Nozzle shopping can be confusing because pressure-washer tips carry two different ideas in one code. The first part describes the spray pattern, such as a red pencil jet, yellow narrow fan, green general fan, white wide fan, black soap pattern, or turbo nozzle. The orifice number describes hydraulic capacity. A 25 deg fan and a 40 deg fan can share the same orifice number, but they will put the water on the surface in very different patterns.
- Working pressure
- The pressure with the trigger open and water flowing through the chosen setup, not a closed-trigger spike.
- Per-nozzle flow
- The pump flow divided by the number of identical tips sharing it, which matters for surface cleaners and spray bars.
- Stocked size
- The real nozzle size available from a chart or supplier, usually chosen near the exact calculated orifice.

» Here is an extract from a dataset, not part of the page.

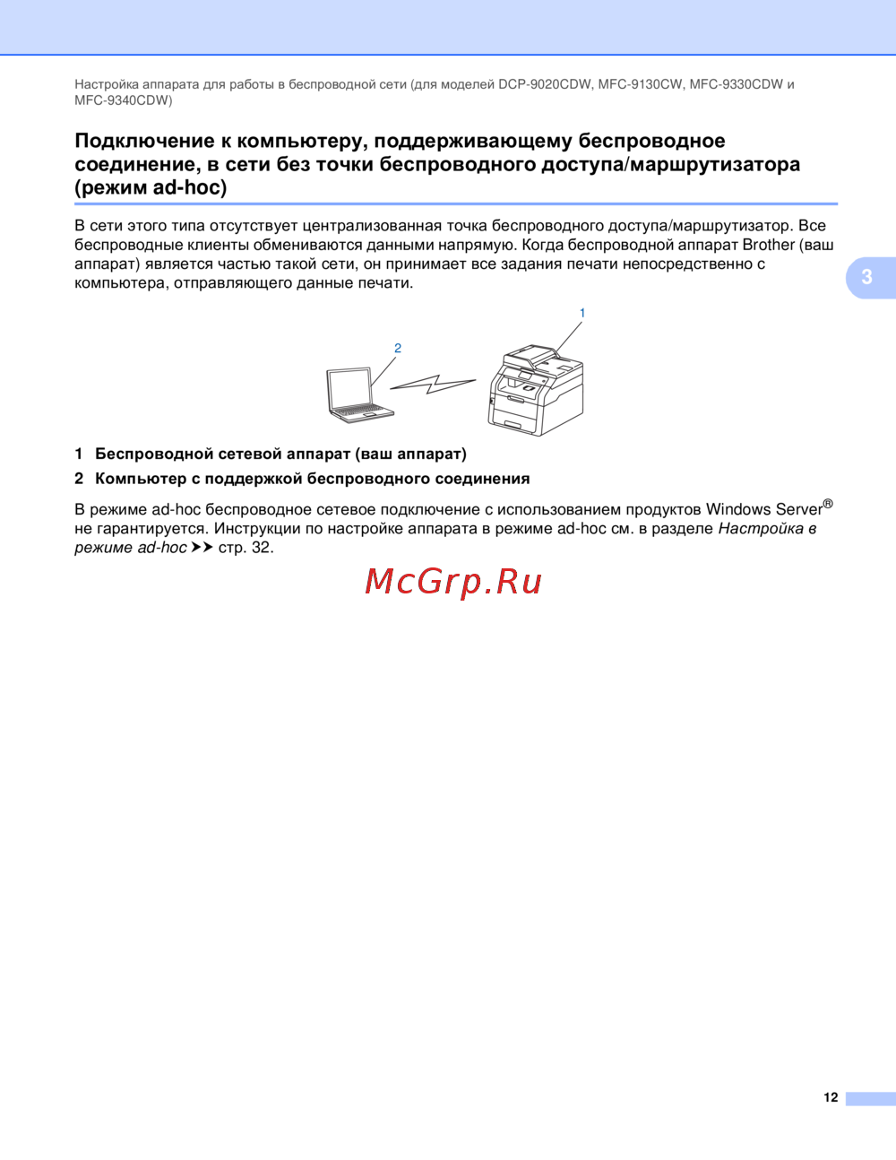 - Настройка аппарата для работы в беспроводной сети для моделей dcp 9020cdw mfc 9130cw mfc 9330cdw и mfc 9340cdw 10 p.3

The common nozzle-number convention uses 4000 PSI as the reference point. A size 4.0 tip passes about 4.0 GPM at 4000 PSI. At a lower pressure, the same opening passes less water. At a higher pressure, it passes more. That square-root relationship is why two tips that look nearly identical can produce noticeably different pressure on the gauge.
Surface cleaners are a frequent source of wrong sizing because the pump flow is shared. A 4.0 GPM washer feeding a two-nozzle bar does not send 4.0 GPM through each nozzle. Each identical tip is sized around 2.0 GPM before the target pressure is applied. Buying each bar nozzle as if it carried the full pump output can make the cleaner slow, streaky, or difficult to balance.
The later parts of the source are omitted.